## Data extracts
*** Begin section ***

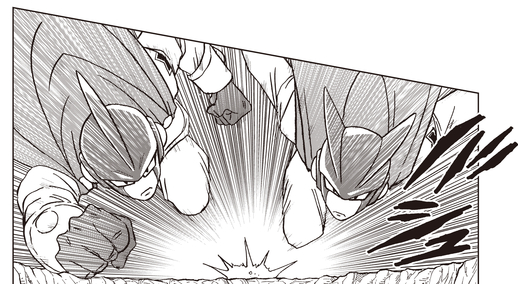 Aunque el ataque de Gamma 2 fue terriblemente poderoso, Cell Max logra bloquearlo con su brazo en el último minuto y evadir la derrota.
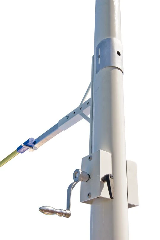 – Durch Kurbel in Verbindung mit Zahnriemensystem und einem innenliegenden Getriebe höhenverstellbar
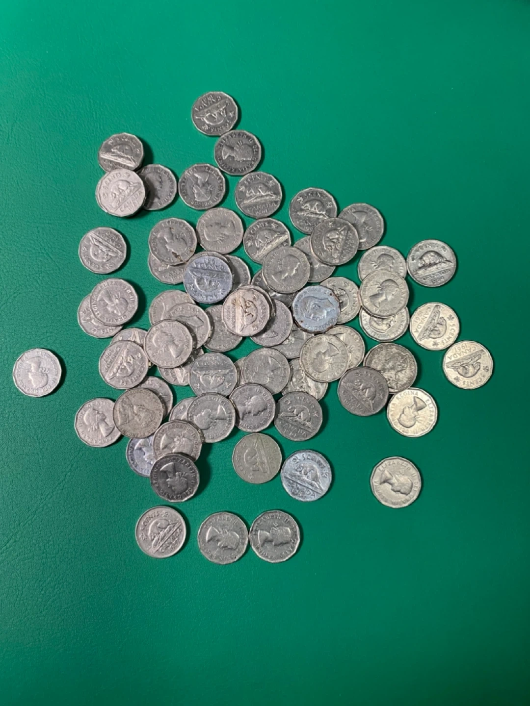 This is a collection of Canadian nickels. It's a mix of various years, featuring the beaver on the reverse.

*** End section ***
*** Begin section ***

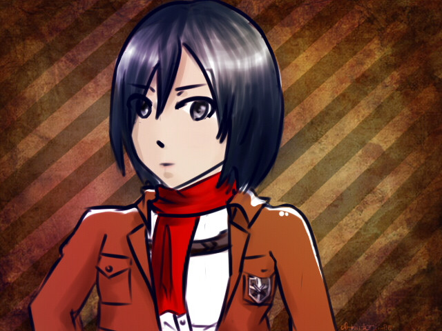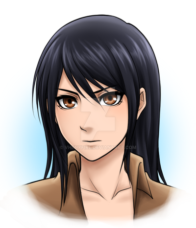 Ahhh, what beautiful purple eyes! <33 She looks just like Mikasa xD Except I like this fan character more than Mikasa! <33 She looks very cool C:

*** End section ***

## Exercise prompt
Set down exactly the lines above, from the line containing "Aunque el ataque" through the line containing "This is a collection". Skip the pictures.

## Result for this task
 Aunque el ataque de Gamma 2 fue terriblemente poderoso, Cell Max logra bloquearlo con su brazo en el último minuto y evadir la derrota.
 – Durch Kurbel in Verbindung mit Zahnriemensystem und einem innenliegenden Getriebe höhenverstellbar
 This is a collection of Canadian nickels. It's a mix of various years, featuring the beaver on the reverse.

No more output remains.